Lazz studied his brother for a long, silent moment. “I’ve thought about this. Seriously, I have. Caitlyn’s idea isn’t some loud, brash ploy. It’s softer than you’re making out. Gentler. It’s almost…”
“Almost what?”
“It’s almost like she believes in The Inferno.”
“We are talking about Caitlyn here, right?”
“That’s what makes it so amazing,” Lazz said. “This isn’t a hard-sell campaign. It’s sweet and romantic. And honest.”
Marco cocked his head to one side, intrigued. “Honest, how?”
“Well, for one thing, if you truly believe in The Inferno—”
“I do.”
“Then, you must believe that our jewelry is imbued with a hint of The Inferno’s passion. I mean, think about it, Marco. Didn’t Francesca create her most spectacular designs after she fell in love with Sev? Doesn’t Primo credit Nonna with the inspiration for his greatest achievements? Don’t you think The Inferno influenced them, brought some of that passion to their work?”
Marco couldn’t deny it. “You really think that’s what inspired her to come up with the marketing campaign?”
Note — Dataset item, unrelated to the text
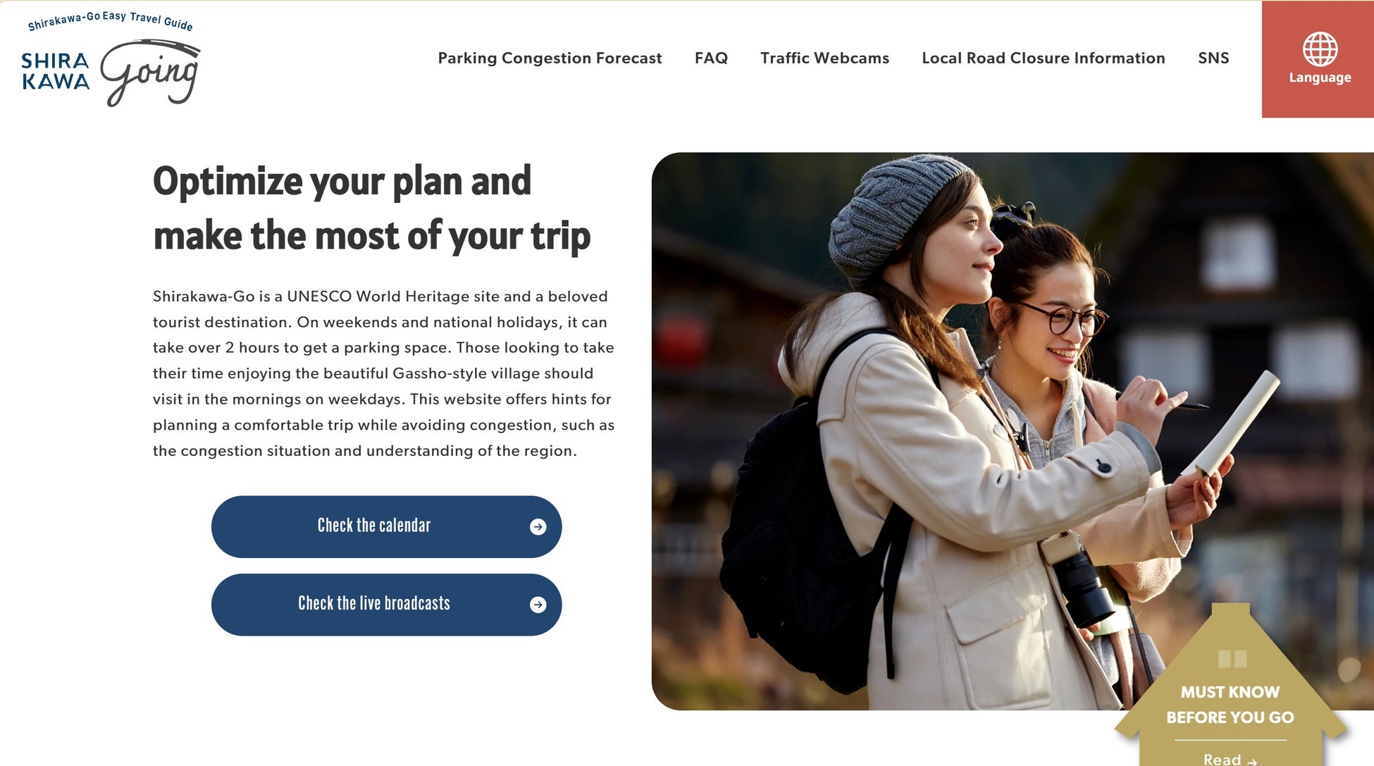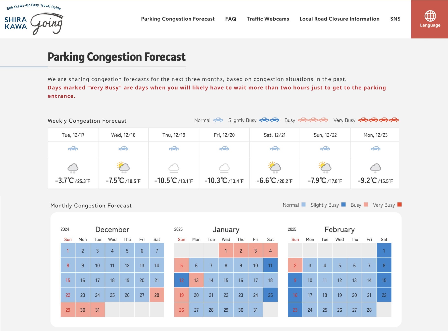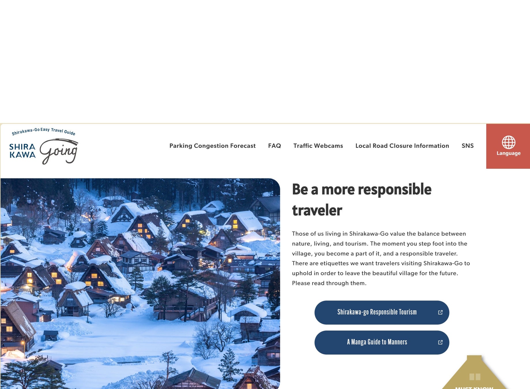 このようなことから、「白川郷すんなり旅ガイド シラカワ・ゴーイング(SHIRAKAWA-Going)」多言語版サイトでは、渋滞を避けるための情報に加え、レスポンシブル・ツーリズムへの理解促進、外国人観光客からの問合せが多い基本情報として、駐車場情報・季節の服装の他、特に白川村の観光入込のTOP5を占める東南アジアの観光客には馴染みのない冬用タイヤの装着などの安全に関する情報も発信しています。

Lazz shrugged. “Do you have a better explanation?”
“No.”
A sudden idea struck Marco, one so out there that it could only have been a jet-lag-induced flight of whimsy. But the more he considered the possibility, the more viable it became. It offered him the best of all worlds, an avenue for fixing their problem as well as a way to convince his wife that not only did he love her with all his heart and soul, but that she loved him, too. He just needed a few minutes to wrap his poor, tired brain around all the various details and organize them into a semblance of a plan. Unfortunately, details and organization were his wife’s specialty, not his.